Speaking to Drapers, De La Bourdonnaye said the deal for its Lberty of London menswear business, with Italian manufacturer Slowear, would give the brand scale and profitability overseas.
The London department store, which moved a step closer to being bought by private equity business BlueGem Capital in a £32m deal this week after completing the sale and leaseback deal on its Great Marlborough Street store, reined in expansion of Liberty of London after closing down the brand’s standalone store in Sloane Street in June. Liberty of London creative director Tamara Salman exited the business in February. De La Bourdonnaye said: “The fabrics part of the Liberty business and the store are profitable, online will become profitable this year, and with this deal with Slowear, that Liberty of London division will be profitable.”
He added that a licensing deal for its Liberty of London womenswear business would follow.
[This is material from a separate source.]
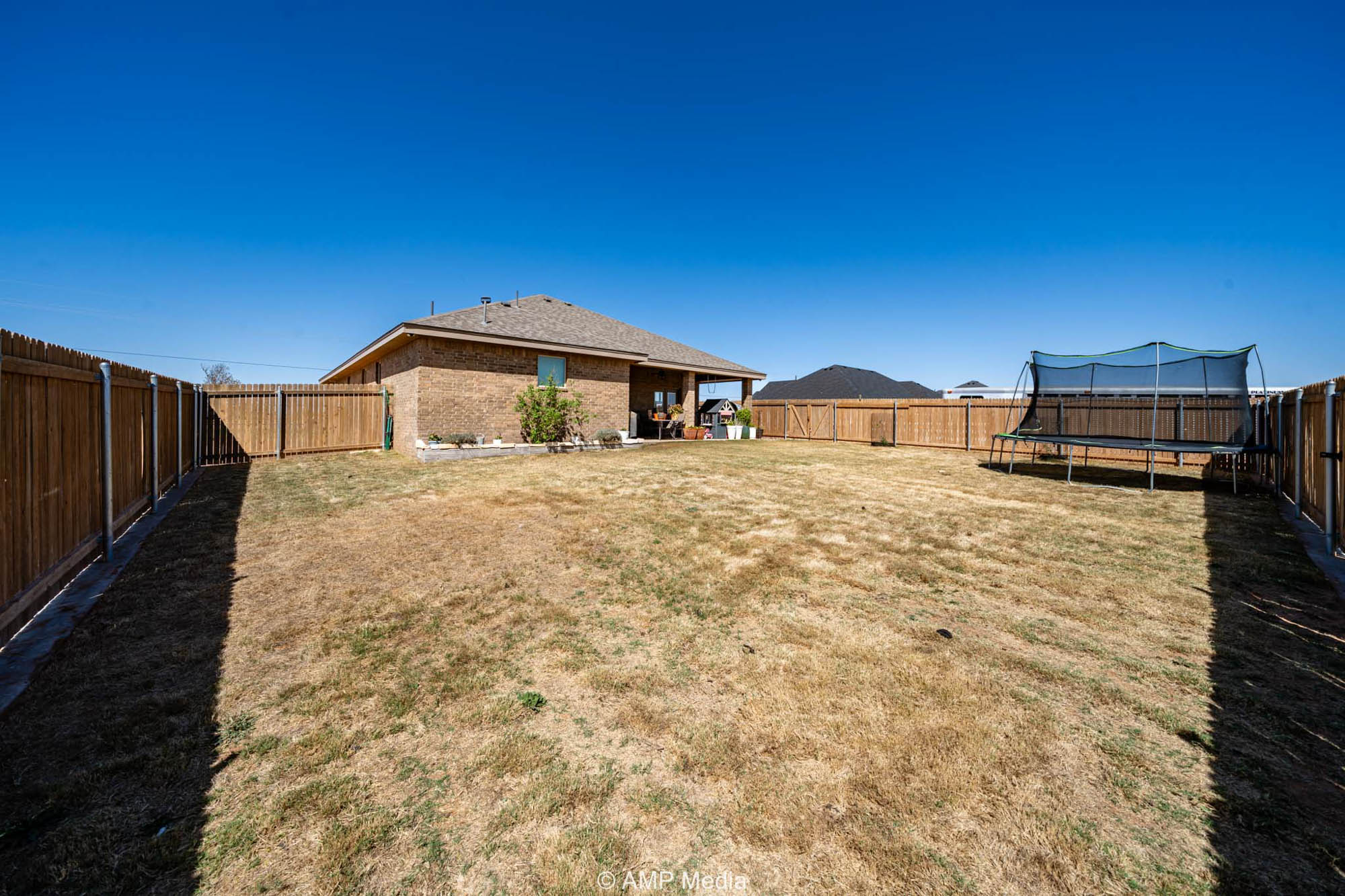 White vinyl fence surrounds property boundary. The backyard has a privacy fence in place.

The Slowear deal to produce a Liberty of London menswear collection under licence for spring 11 will expand the core of shirts, scarves and knitwear into trousers and outerwear. The collection will be sold in the iconic department store on Great Marlborough Street and via a further 200 doors in the UK, US, Italy and Asia, in particular Japan, Hong Kong and South Korea.
Sales at the store rose 40% to £26m in the first four months of this year.
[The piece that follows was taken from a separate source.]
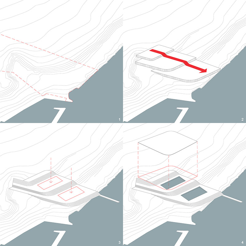 Assecondando la morfologia del terreno, il progetto si articola su tre livelli e garantisce, così, il rapporto visivo tra le due piscine, il mare e l'andamento della costa, mimetizzato e al tempo stesso riconoscibile per la grande copertura della piscina che appare come una sorta di "vela" sostenuta dall'azione del vento.

Liberty broke into positive EBITDA for the six months to June 30, recording EBITDA of £30,000 against a £2.7m loss in the equivalent period of the previous year.
An industry source said: “The fabric business makes around £5m, but every penny it makes the store ate up. You could make the store work better and it is easy to see how you could get the business as a whole to £10m to £15m EBITDA pretty easily. The fashion offer has been a bit too niche. It needs a few anchor brands in there. Yes, it was built on avant-garde labels and should retain a sense of that, but the range has no great substance.”